### Exercise directions
Write the data below out exactly as it stands. Do not include the pictures.

(Entries taken from a collection)
■ ■ ■ ■ ■ ■ ■
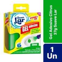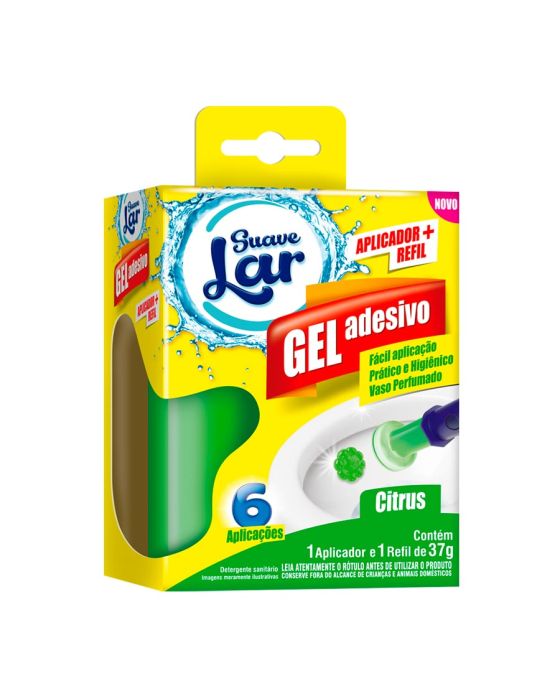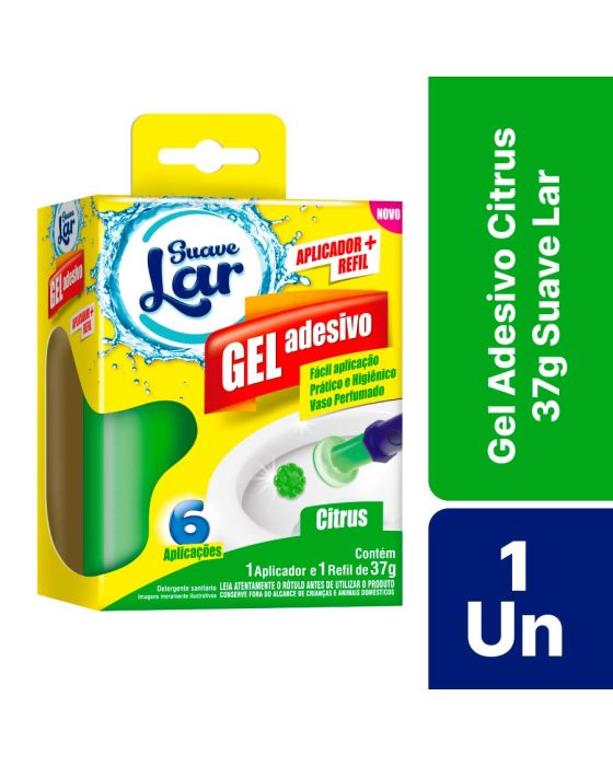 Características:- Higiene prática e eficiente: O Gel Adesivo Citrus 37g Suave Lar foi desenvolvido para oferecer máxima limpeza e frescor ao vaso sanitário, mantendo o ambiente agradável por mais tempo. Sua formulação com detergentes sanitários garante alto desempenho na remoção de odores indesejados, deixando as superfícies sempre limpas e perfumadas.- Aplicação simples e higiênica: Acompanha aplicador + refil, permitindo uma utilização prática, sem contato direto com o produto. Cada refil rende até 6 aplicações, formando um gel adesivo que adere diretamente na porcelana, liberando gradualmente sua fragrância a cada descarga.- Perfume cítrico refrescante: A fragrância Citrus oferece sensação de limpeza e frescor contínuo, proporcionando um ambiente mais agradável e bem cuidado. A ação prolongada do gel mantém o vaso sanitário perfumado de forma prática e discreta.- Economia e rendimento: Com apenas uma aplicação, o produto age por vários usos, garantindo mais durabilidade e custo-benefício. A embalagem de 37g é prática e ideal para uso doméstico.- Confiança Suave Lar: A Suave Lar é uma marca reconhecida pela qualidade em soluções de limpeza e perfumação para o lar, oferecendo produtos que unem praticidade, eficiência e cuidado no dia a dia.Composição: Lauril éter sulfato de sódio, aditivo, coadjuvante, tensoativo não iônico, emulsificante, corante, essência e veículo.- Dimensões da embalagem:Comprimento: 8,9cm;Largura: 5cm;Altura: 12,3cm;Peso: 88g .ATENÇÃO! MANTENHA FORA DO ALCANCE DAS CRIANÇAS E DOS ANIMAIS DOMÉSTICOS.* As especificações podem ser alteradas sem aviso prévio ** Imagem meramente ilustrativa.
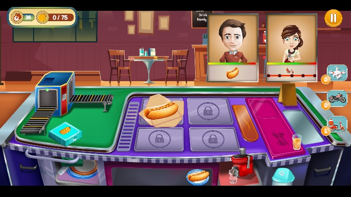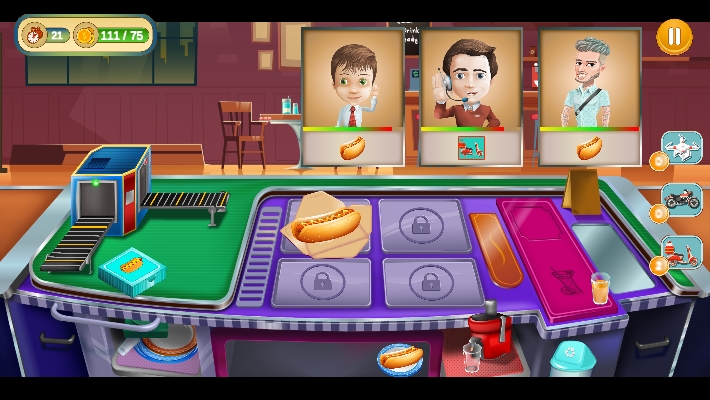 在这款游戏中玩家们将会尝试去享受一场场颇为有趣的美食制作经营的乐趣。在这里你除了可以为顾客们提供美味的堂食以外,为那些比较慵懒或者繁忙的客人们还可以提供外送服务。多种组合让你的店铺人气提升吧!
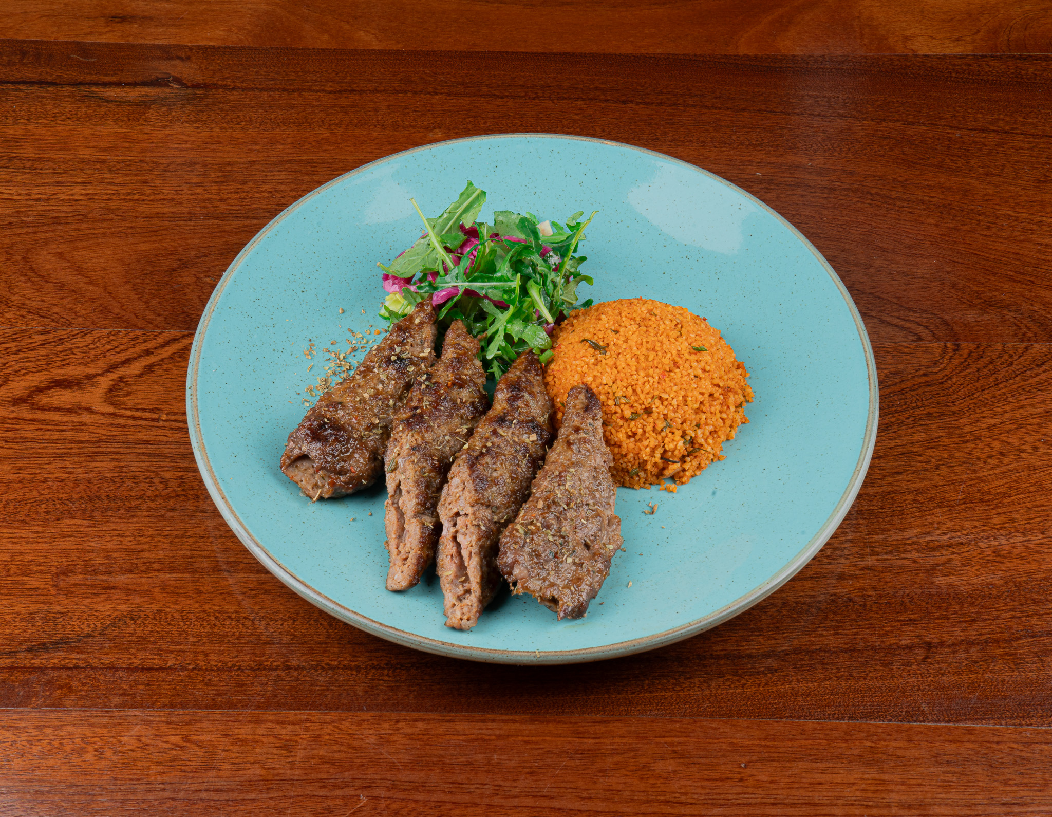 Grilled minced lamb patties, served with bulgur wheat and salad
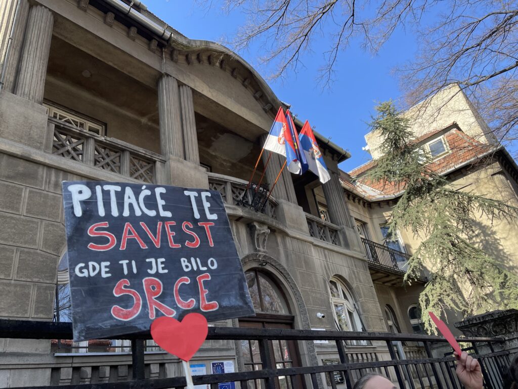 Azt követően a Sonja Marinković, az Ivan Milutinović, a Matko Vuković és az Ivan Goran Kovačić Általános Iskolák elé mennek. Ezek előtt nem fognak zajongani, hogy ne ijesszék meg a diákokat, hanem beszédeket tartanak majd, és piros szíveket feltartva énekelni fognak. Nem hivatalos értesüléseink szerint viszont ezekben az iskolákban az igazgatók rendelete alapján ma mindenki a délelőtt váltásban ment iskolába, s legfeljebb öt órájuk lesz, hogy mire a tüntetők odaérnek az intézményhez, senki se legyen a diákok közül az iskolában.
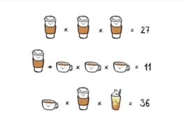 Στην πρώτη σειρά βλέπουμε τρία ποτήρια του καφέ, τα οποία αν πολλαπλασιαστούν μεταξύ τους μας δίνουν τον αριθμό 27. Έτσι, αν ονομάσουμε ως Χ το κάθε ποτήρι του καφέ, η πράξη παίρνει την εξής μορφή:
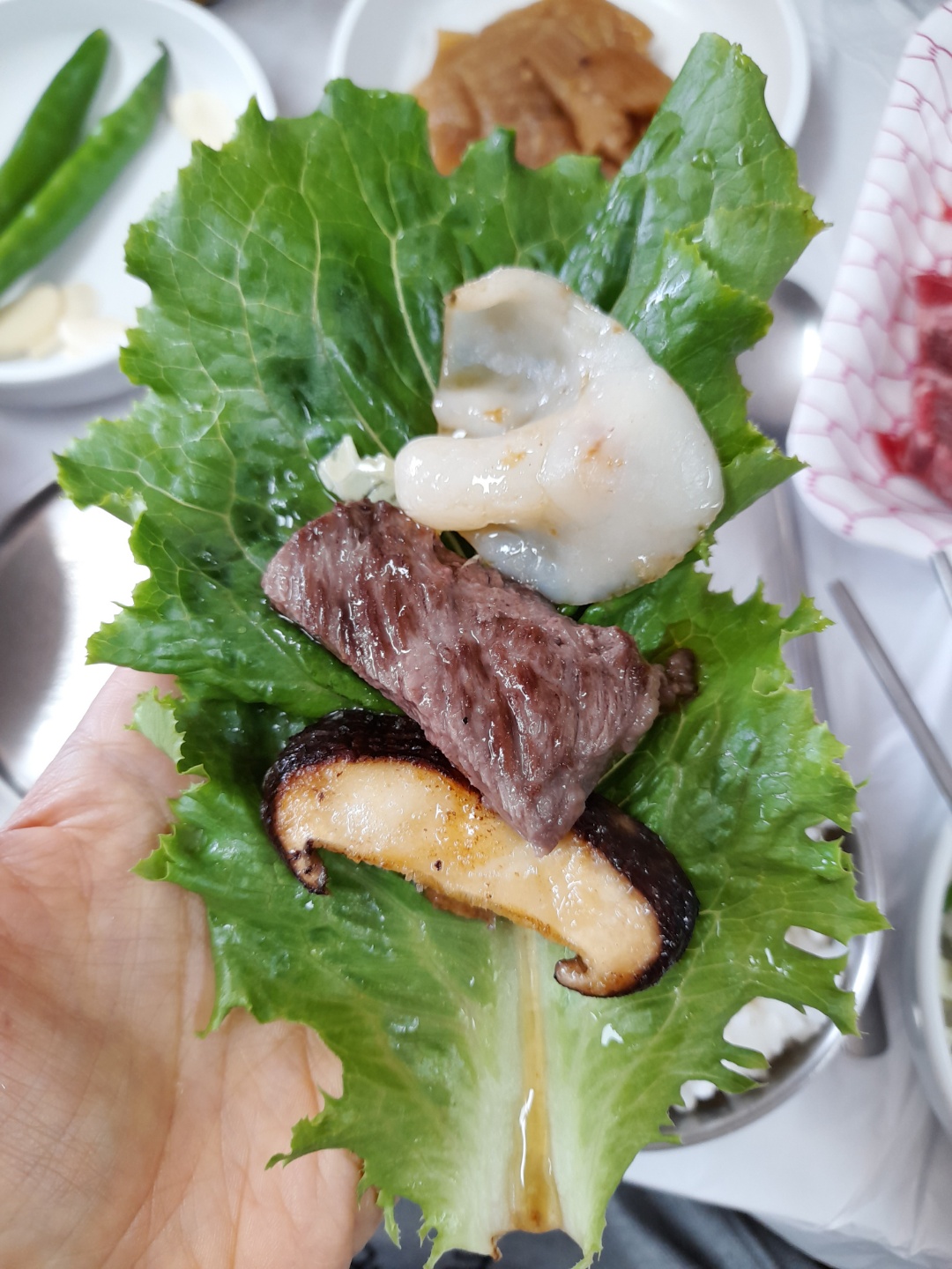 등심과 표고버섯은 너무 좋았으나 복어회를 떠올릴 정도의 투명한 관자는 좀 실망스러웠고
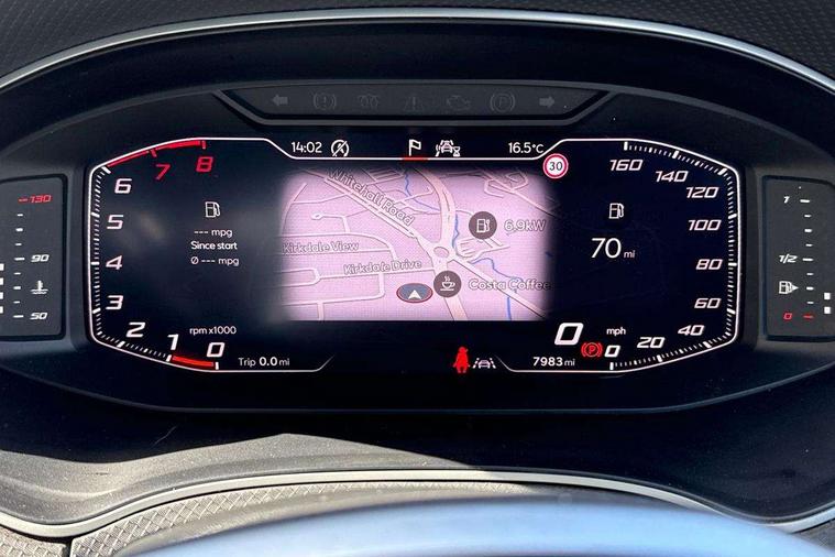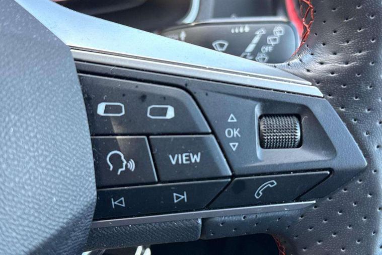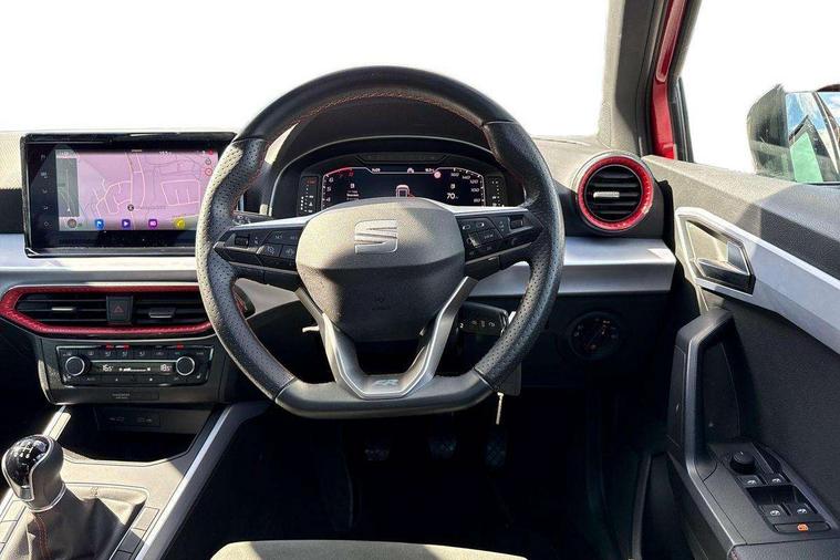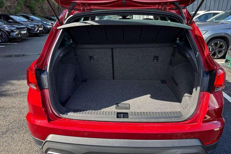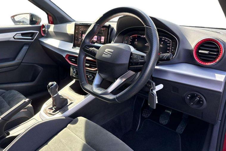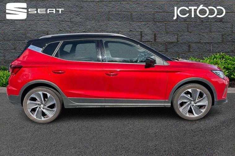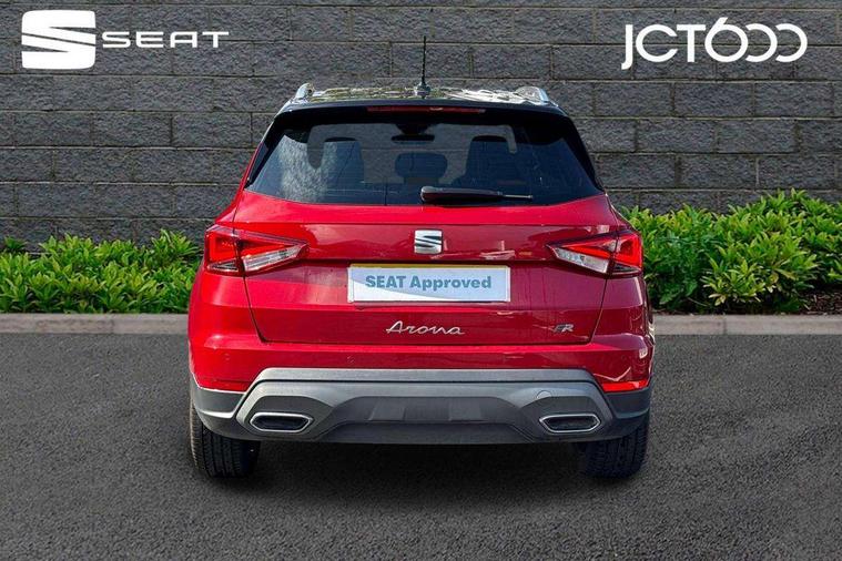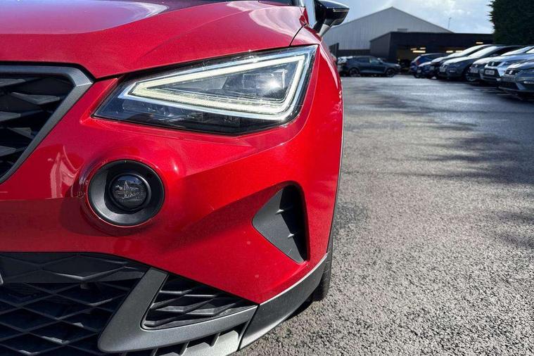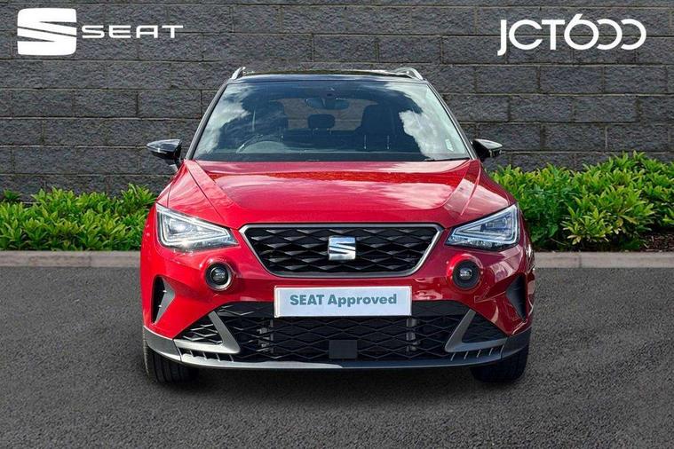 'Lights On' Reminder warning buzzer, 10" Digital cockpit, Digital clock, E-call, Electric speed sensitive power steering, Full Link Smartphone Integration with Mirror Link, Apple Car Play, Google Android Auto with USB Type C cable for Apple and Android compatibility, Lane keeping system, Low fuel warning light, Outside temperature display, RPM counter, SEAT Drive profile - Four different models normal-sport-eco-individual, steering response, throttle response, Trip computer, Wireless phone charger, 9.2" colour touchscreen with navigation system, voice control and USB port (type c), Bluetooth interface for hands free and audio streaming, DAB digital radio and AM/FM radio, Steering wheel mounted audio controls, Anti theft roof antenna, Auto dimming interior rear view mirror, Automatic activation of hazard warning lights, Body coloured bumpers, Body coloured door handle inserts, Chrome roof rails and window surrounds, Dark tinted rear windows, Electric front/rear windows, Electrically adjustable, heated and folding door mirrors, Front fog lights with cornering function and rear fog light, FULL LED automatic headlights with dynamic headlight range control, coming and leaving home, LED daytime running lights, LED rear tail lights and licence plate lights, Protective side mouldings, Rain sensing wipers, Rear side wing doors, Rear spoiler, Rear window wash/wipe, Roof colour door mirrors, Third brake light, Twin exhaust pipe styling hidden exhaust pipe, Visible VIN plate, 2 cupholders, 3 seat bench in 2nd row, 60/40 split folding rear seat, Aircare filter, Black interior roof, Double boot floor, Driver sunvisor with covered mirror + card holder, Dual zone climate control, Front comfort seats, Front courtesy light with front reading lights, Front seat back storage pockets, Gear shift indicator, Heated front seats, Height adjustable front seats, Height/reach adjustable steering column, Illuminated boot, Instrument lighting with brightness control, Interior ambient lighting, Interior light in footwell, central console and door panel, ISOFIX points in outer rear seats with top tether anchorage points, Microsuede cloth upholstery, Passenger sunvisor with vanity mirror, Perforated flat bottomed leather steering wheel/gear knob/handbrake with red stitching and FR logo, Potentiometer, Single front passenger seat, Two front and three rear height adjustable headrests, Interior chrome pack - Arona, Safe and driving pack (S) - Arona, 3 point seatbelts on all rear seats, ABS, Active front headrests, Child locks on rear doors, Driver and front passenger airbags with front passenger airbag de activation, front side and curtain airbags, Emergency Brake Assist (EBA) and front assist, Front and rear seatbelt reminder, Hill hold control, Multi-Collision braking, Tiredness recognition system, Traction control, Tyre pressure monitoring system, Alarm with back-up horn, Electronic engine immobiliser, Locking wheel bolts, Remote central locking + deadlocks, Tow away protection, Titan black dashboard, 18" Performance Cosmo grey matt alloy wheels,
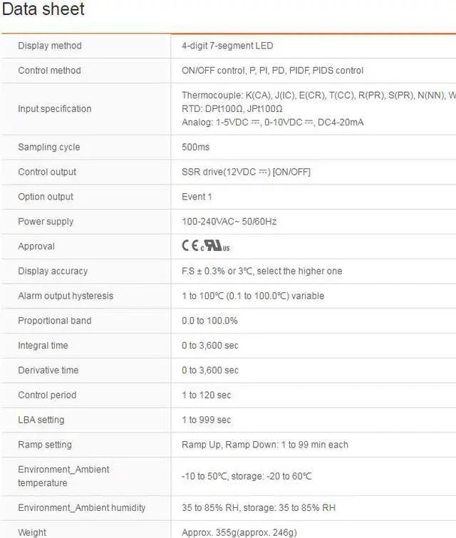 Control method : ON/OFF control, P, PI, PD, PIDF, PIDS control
■ ■ ■ ■ ■ ■ ■
### Response area
 Características:- Higiene prática e eficiente: O Gel Adesivo Citrus 37g Suave Lar foi desenvolvido para oferecer máxima limpeza e frescor ao vaso sanitário, mantendo o ambiente agradável por mais tempo. Sua formulação com detergentes sanitários garante alto desempenho na remoção de odores indesejados, deixando as superfícies sempre limpas e perfumadas.- Aplicação simples e higiênica: Acompanha aplicador + refil, permitindo uma utilização prática, sem contato direto com o produto. Cada refil rende até 6 aplicações, formando um gel adesivo que adere diretamente na porcelana, liberando gradualmente sua fragrância a cada descarga.- Perfume cítrico refrescante: A fragrância Citrus oferece sensação de limpeza e frescor contínuo, proporcionando um ambiente mais agradável e bem cuidado. A ação prolongada do gel mantém o vaso sanitário perfumado de forma prática e discreta.- Economia e rendimento: Com apenas uma aplicação, o produto age por vários usos, garantindo mais durabilidade e custo-benefício. A embalagem de 37g é prática e ideal para uso doméstico.- Confiança Suave Lar: A Suave Lar é uma marca reconhecida pela qualidade em soluções de limpeza e perfumação para o lar, oferecendo produtos que unem praticidade, eficiência e cuidado no dia a dia.Composição: Lauril éter sulfato de sódio, aditivo, coadjuvante, tensoativo não iônico, emulsificante, corante, essência e veículo.- Dimensões da embalagem:Comprimento: 8,9cm;Largura: 5cm;Altura: 12,3cm;Peso: 88g .ATENÇÃO! MANTENHA FORA DO ALCANCE DAS CRIANÇAS E DOS ANIMAIS DOMÉSTICOS.* As especificações podem ser alteradas sem aviso prévio ** Imagem meramente ilustrativa.
 在这款游戏中玩家们将会尝试去享受一场场颇为有趣的美食制作经营的乐趣。在这里你除了可以为顾客们提供美味的堂食以外,为那些比较慵懒或者繁忙的客人们还可以提供外送服务。多种组合让你的店铺人气提升吧!
 Grilled minced lamb patties, served with bulgur wheat and salad
 Azt követően a Sonja Marinković, az Ivan Milutinović, a Matko Vuković és az Ivan Goran Kovačić Általános Iskolák elé mennek. Ezek előtt nem fognak zajongani, hogy ne ijesszék meg a diákokat, hanem beszédeket tartanak majd, és piros szíveket feltartva énekelni fognak. Nem hivatalos értesüléseink szerint viszont ezekben az iskolákban az igazgatók rendelete alapján ma mindenki a délelőtt váltásban ment iskolába, s legfeljebb öt órájuk lesz, hogy mire a tüntetők odaérnek az intézményhez, senki se legyen a diákok közül az iskolában.
 Στην πρώτη σειρά βλέπουμε τρία ποτήρια του καφέ, τα οποία αν πολλαπλασιαστούν μεταξύ τους μας δίνουν τον αριθμό 27. Έτσι, αν ονομάσουμε ως Χ το κάθε ποτήρι του καφέ, η πράξη παίρνει την εξής μορφή:
 등심과 표고버섯은 너무 좋았으나 복어회를 떠올릴 정도의 투명한 관자는 좀 실망스러웠고
 'Lights On' Reminder warning buzzer, 10" Digital cockpit, Digital clock, E-call, Electric speed sensitive power steering, Full Link Smartphone Integration with Mirror Link, Apple Car Play, Google Android Auto with USB Type C cable for Apple and Android compatibility, Lane keeping system, Low fuel warning light, Outside temperature display, RPM counter, SEAT Drive profile - Four different models normal-sport-eco-individual, steering response, throttle response, Trip computer, Wireless phone charger, 9.2" colour touchscreen with navigation system, voice control and USB port (type c), Bluetooth interface for hands free and audio streaming, DAB digital radio and AM/FM radio, Steering wheel mounted audio controls, Anti theft roof antenna, Auto dimming interior rear view mirror, Automatic activation of hazard warning lights, Body coloured bumpers, Body coloured door handle inserts, Chrome roof rails and window surrounds, Dark tinted rear windows, Electric front/rear windows, Electrically adjustable, heated and folding door mirrors, Front fog lights with cornering function and rear fog light, FULL LED automatic headlights with dynamic headlight range control, coming and leaving home, LED daytime running lights, LED rear tail lights and licence plate lights, Protective side mouldings, Rain sensing wipers, Rear side wing doors, Rear spoiler, Rear window wash/wipe, Roof colour door mirrors, Third brake light, Twin exhaust pipe styling hidden exhaust pipe, Visible VIN plate, 2 cupholders, 3 seat bench in 2nd row, 60/40 split folding rear seat, Aircare filter, Black interior roof, Double boot floor, Driver sunvisor with covered mirror + card holder, Dual zone climate control, Front comfort seats, Front courtesy light with front reading lights, Front seat back storage pockets, Gear shift indicator, Heated front seats, Height adjustable front seats, Height/reach adjustable steering column, Illuminated boot, Instrument lighting with brightness control, Interior ambient lighting, Interior light in footwell, central console and door panel, ISOFIX points in outer rear seats with top tether anchorage points, Microsuede cloth upholstery, Passenger sunvisor with vanity mirror, Perforated flat bottomed leather steering wheel/gear knob/handbrake with red stitching and FR logo, Potentiometer, Single front passenger seat, Two front and three rear height adjustable headrests, Interior chrome pack - Arona, Safe and driving pack (S) - Arona, 3 point seatbelts on all rear seats, ABS, Active front headrests, Child locks on rear doors, Driver and front passenger airbags with front passenger airbag de activation, front side and curtain airbags, Emergency Brake Assist (EBA) and front assist, Front and rear seatbelt reminder, Hill hold control, Multi-Collision braking, Tiredness recognition system, Traction control, Tyre pressure monitoring system, Alarm with back-up horn, Electronic engine immobiliser, Locking wheel bolts, Remote central locking + deadlocks, Tow away protection, Titan black dashboard, 18" Performance Cosmo grey matt alloy wheels,
 Control method : ON/OFF control, P, PI, PD, PIDF, PIDS control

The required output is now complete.